Castilla y León; Spain; water; Acanthamoeba spp.; Vermamoeba vermiformis; monitoring

1. Introduction

Free-living amoebae (FLA) mostly exist in the environment such as water, soil, or dust without the requirement for a host [1,2]. Under favorable conditions, FLA adopt the form of trophozoites or the vegetative stage, in charge of feeding and multiplication. When external conditions are adverse, FLA turn to the cyst form or resistant stage, surrounding themselves with a highly robust wall to protect them against environmental hazards [3].
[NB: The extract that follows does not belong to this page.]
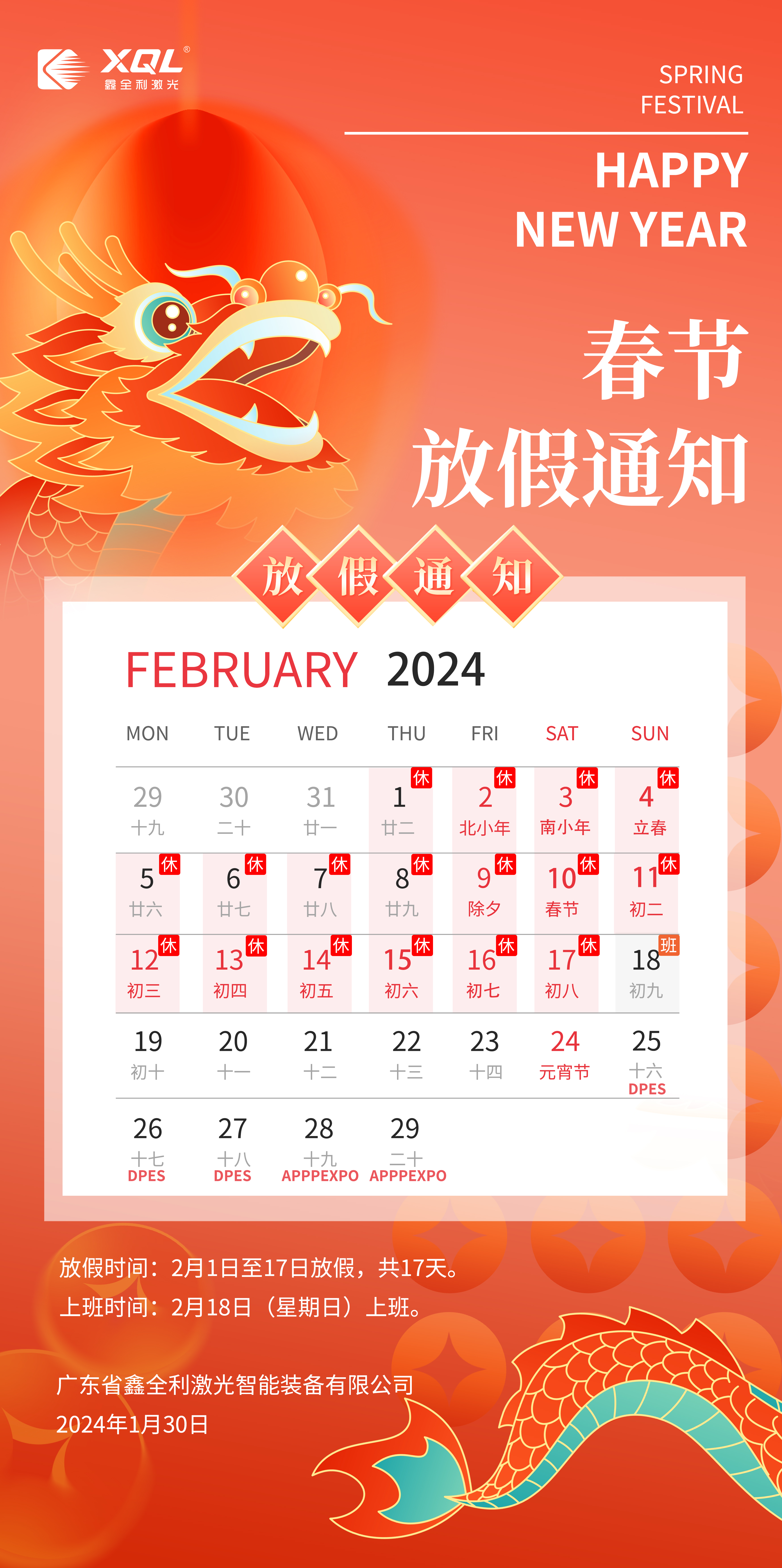 在2024年春節(jié)長(zhǎng)假到來之際,感謝大家一如既往的支持和厚愛,在此,鑫全利激光及全體員工衷心祝愿每一位合作伙伴/客戶,在新的一年里,身體健康、生意興隆、家庭幸福!

Among the many FLA genera found in nature, infections in humans and other animals are caused by Acanthamoeba spp., Naegleria fowleri, Sappinia pedata, Balamuthia mandrillaris, Vermamoeba vermiformis, and Vahlkampfia spp. [1,4,5]. Many of these amoebae cause brain infections, e.g., Acanthamoeba species, B. mandrillaris, and S. pedata, produce granulomatous amoebic encephalitis (GAE), whereas N. fowleri produces primary amoebic meningoencephalitis (PAM) [1,6,7]. However, Acanthamoeba spp., V. vermiformis and Vahlkampfia spp. are also causative agents of amoebic keratitis [8]. A recent study found that V. vermiformis is the cause of a painful ulcer next to the eye and has been found to be both an etiological agent and a pathogen reservoir [9]. Additionally, B. mandrillaris and Acanthamoeba species cause skin disorders in immunocompromised individuals [1].

FLA are increasingly considered as environmental vehicles of other microorganisms. In addition, it is important to mention that FLA primarily feed on other microorganisms, especially bacteria, through phagocytosis. In fact, several bacteria species have acquired resistance mechanisms to the FLA digestive enzymes (amoeba-resistant bacteria, ARB), using FLA as vehicles. Moreover, the cyst stage can facilitate the intracellular survival of bacteria, avoiding common water disinfection systems or agents, but they are not effective against FLA cysts [10,11]. As a result, FLA contribute to the recycling of nutrients in freshwater settings, which makes them important to the ecology of many ecosystems [12].

In Spain, research on FLA has grown due to their impact on public health. However, studies have been conducted mainly in the Canary Islands and have contributed significantly to the detection of these parasites in the environment [13,14,15,16]. On the other hand, researchers from the University of Zaragoza analyzed FLA in water and sludge from five wastewater treatment plants (WWTP) in the Ebro River basin [17] and other authors studied the presence of FLA during a year in water from four drinking water treatment plants (DWTP), seven wastewater treatment plants (WWTP) and six locations of influence (LI) on four river basins from Spain [18]. In general, these studies are essential to assess public health risks, especially in contexts of direct human exposure, to monitor environmental impacts and to design prevention and control measures. Additionally, there is no specific regulation in Spain on FLA in water, unlike other countries such as Mexico, Australia and France, which have limited the number of N. fowleri cells (100 cells/L), indicating a gap in the environmental control of these pathogens [19,20].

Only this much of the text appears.